• [Work order]:
Although pictures appear in the data, the answer should contain only the lines from its start through the line with "24 Carat Gold Plated Shiny, 40cm, Round", written out exactly.
================
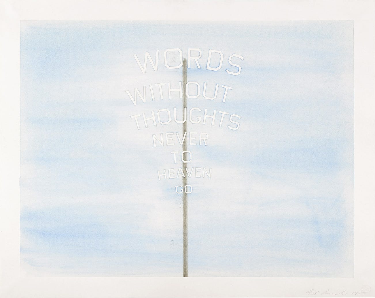 In the present work, the line “Words Without Thoughts Never To Heaven Go” floats atop a cloudy light-blue sky. The words, decreasing in size, are centrally stabilized by a vertical stick which holds them in place so they don’t float off with the clouds. The quote and heavenly scene touch upon Ruscha’s early upbringing as a Catholic. Shakespeare, too, is known to have referenced Catholicism. “Words Without Thoughts Never To Heaven Go” are muttered by Claudius while he is trying to pray, unaware that Hamlet has been watching him in order to kill him. Hamlet does not proceed, because according to Elizabethan belief, a person killed while praying and confessing sin "would directly to heaven go". As Ruscha explains, “In Act III, Scene III of William Shakespeare’s Hamlet, the King utters, 'Words without thoughts never to heaven go.’ This noble quotation is as timeless as it is poetic. It is a quotation that is profound and yet simple. For me, it burns with curiosity” (Ed Ruscha, A Proposal by Edward Ruscha for the Circular Ring and for the Lunettes of the New Miami – Dade Public Library, online).
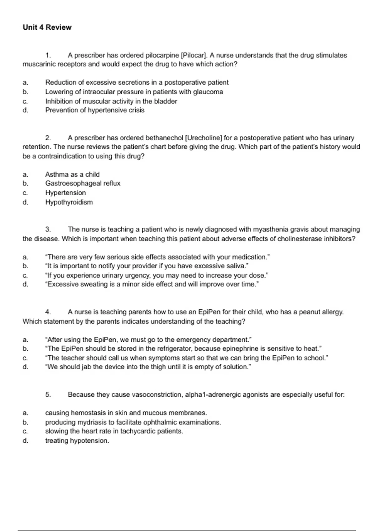 2. A prescriber has ordered bethanechol [Urecholine] for a postoperative patient who has urinary
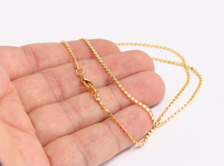 24 Carat Gold Plated Shiny, 40cm, Round Crushed Disc Ready Chain. Dimensions: 1.6mm Price is per piece. 24 carat gold plated on brass. A Quality product, resistant to rust and tarnishing. Do not contact with chemicals and perfumes for long-term use. Passed all tests, does not contain harmful materials. Colors may vary depending on screen settings and ambient light.
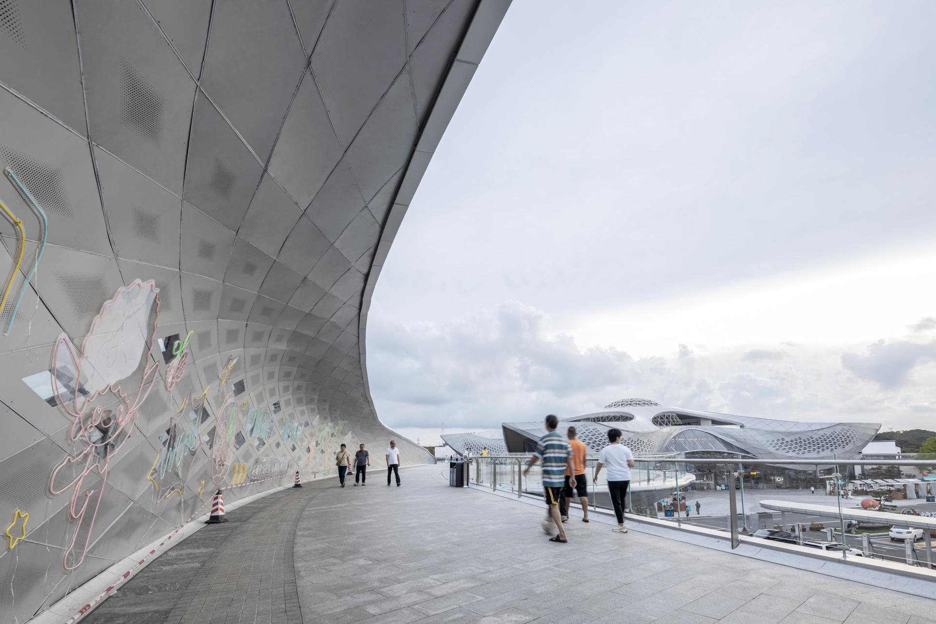 The pedestrian bridge in this project takes the branches of the lychee tree as the design concept, with branches long and graceful, small twigs bearing abundant fruits, and fruits clustering in groups on the larger branches. The bridge has a total length of 600 meters and an average width of 6 meters, with the elevation adopting an expansive wavy surface, echoing the undulating mountains around it, and forming a distinctive landscape image on the expressway. The bridge connects the main buildings of the service areas on both sides, and in order to avoid monotony, multiple enlarged nodes are arranged in the middle—the north side features a rural revitalization stage, which can provide surrounding performances and a drive-in cinema; the south side features a city exhibition hall, used to display the abundant fruits and rural specialties of the region, improving visibility and promoting economic consumption.
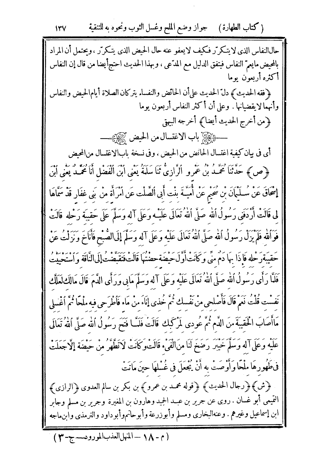 حال النفاس الذى لا يتكرّر فكيف لا يعفو عنه حال الحيض الذى يتكرّر، ويحتمل أن المراد بالمحيض ما يعمّ النفاس فيتفق الدليل مع المدّعي، وبهذا الحديث احتج أيضا من قال إن النفاس أكثره أربعون يوما
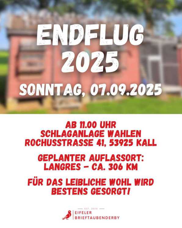 das Team des Eifeler Brieftaubenderby, lädt Euch herzlich zur diesjährigen Siegerehrung des 15. Eifeler Brieftaubenderby ein.
================
• [Written solution]:
 In the present work, the line “Words Without Thoughts Never To Heaven Go” floats atop a cloudy light-blue sky. The words, decreasing in size, are centrally stabilized by a vertical stick which holds them in place so they don’t float off with the clouds. The quote and heavenly scene touch upon Ruscha’s early upbringing as a Catholic. Shakespeare, too, is known to have referenced Catholicism. “Words Without Thoughts Never To Heaven Go” are muttered by Claudius while he is trying to pray, unaware that Hamlet has been watching him in order to kill him. Hamlet does not proceed, because according to Elizabethan belief, a person killed while praying and confessing sin "would directly to heaven go". As Ruscha explains, “In Act III, Scene III of William Shakespeare’s Hamlet, the King utters, 'Words without thoughts never to heaven go.’ This noble quotation is as timeless as it is poetic. It is a quotation that is profound and yet simple. For me, it burns with curiosity” (Ed Ruscha, A Proposal by Edward Ruscha for the Circular Ring and for the Lunettes of the New Miami – Dade Public Library, online).
 2. A prescriber has ordered bethanechol [Urecholine] for a postoperative patient who has urinary
 24 Carat Gold Plated Shiny, 40cm, Round Crushed Disc Ready Chain. Dimensions: 1.6mm Price is per piece. 24 carat gold plated on brass. A Quality product, resistant to rust and tarnishing. Do not contact with chemicals and perfumes for long-term use. Passed all tests, does not contain harmful materials. Colors may vary depending on screen settings and ambient light.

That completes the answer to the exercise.